Principles

Verification design rests on nine principles. They emerged from research on LLM self-correction, verification chains, and agent evaluation. The patterns in this catalog implement these principles in code.

The core finding

LLMs cannot reliably self-correct their own reasoning through naive self-review 1. This is the most replicated finding across the recent literature on LLM verification. Performance often degrades when a model is asked to review its own work without external feedback.

1. External signals over self-review

Tests, builds, linters, type checkers, API responses, browser DOM extraction. Binary pass and fail signals that do not depend on the agent's judgment. These are sycophancy-proof.
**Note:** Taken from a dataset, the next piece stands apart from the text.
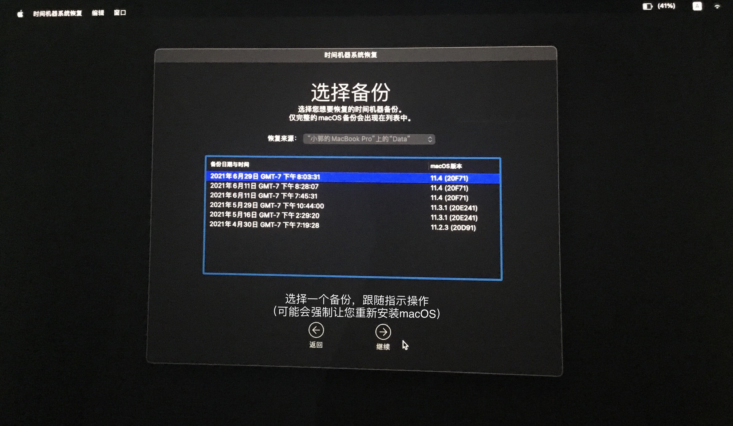 选择您的“时间机器”备份,然后点按“继续”。

2. Independence between generation and verification

If the verifier can see the original output, it copies the same errors. Structure verification as extract, then compare, not as read and opine.

3. Step-level checkpoints

Verify intermediate steps throughout the workflow, not just the final output. Step-level verification catches errors at the layer where they originate, before they compound.

4. Adversarial framing

Ask what could fail, not what looks right. Confirmatory framing produces unreliable results by default. SycEval measured 58.19 percent sycophancy overall across major model families 2.

5. Explicit criteria

No hardcoded values, all error paths handled, no TODOs remain. Specific criteria constrain rationalization; vague instructions invite it.

6. Executable verification is king

Run the tests is the single most reliable verification step available. For any check that depends on agent judgment, find the executable analog.

7. Cross-family beats self-verification

Different model family is needed when verification is LLM-based. Self-verification and intra-family verification are systematically biased toward accepting incorrect outputs.

8. Simulate debate

In a single-agent context, instruct the agent to argue against its own output before concluding. Competitive disagreement reveals more than confirmatory review.

9. Isolate verification from ambient state

Assertions must prove the system's actions caused the expected outcome, not that the environment happened to already contain matching data. Delta-based assertions and tagged test data isolate causality.